◆ Records provided:
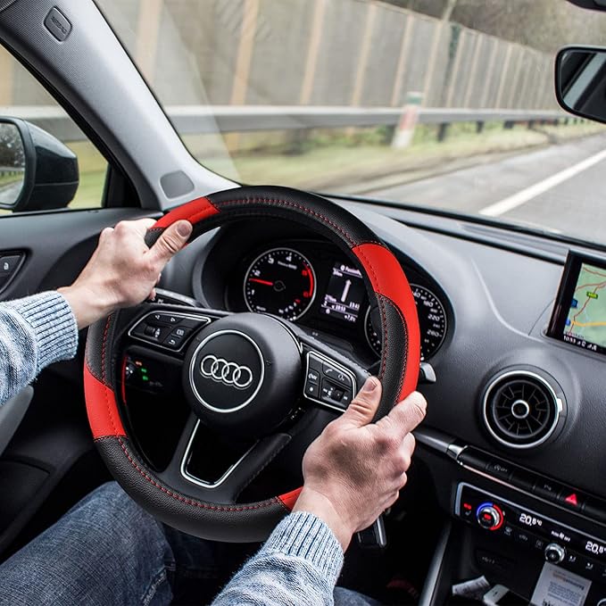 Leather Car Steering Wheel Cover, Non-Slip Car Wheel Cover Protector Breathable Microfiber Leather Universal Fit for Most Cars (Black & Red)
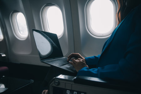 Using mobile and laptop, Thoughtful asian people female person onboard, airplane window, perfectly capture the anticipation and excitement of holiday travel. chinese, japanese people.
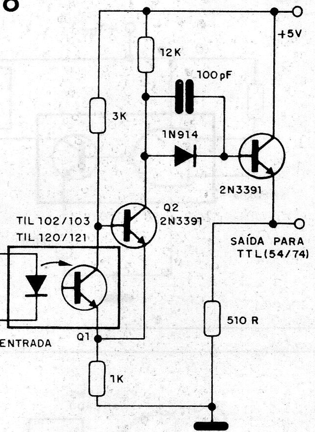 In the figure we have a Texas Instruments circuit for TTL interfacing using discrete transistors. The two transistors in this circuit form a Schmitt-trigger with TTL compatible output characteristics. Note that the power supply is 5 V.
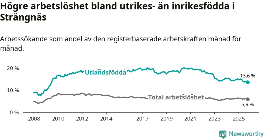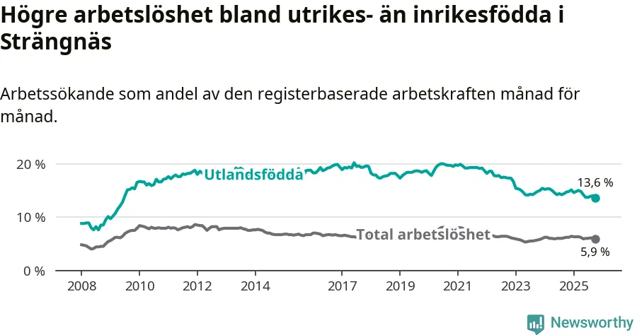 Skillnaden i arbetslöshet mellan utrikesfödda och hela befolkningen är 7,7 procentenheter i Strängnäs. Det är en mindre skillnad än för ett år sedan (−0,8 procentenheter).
...
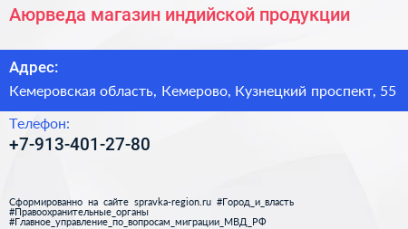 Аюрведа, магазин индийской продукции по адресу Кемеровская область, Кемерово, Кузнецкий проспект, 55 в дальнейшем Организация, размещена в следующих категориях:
==
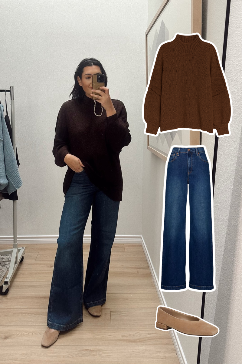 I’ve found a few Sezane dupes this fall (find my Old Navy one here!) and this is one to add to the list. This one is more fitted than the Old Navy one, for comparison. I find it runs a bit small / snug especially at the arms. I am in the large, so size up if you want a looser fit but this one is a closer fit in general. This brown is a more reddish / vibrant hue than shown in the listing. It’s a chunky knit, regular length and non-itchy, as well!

◆ Activity: An exact copy of the lines above from the one with "Leather Car Steering" up to and including the one with "Skillnaden i arbetslöshet" is required; reproduce only those lines, omitting all pictures.

◆ Answer to this task:
 Leather Car Steering Wheel Cover, Non-Slip Car Wheel Cover Protector Breathable Microfiber Leather Universal Fit for Most Cars (Black & Red)
 Using mobile and laptop, Thoughtful asian people female person onboard, airplane window, perfectly capture the anticipation and excitement of holiday travel. chinese, japanese people.
 In the figure we have a Texas Instruments circuit for TTL interfacing using discrete transistors. The two transistors in this circuit form a Schmitt-trigger with TTL compatible output characteristics. Note that the power supply is 5 V.
 Skillnaden i arbetslöshet mellan utrikesfödda och hela befolkningen är 7,7 procentenheter i Strängnäs. Det är en mindre skillnad än för ett år sedan (−0,8 procentenheter).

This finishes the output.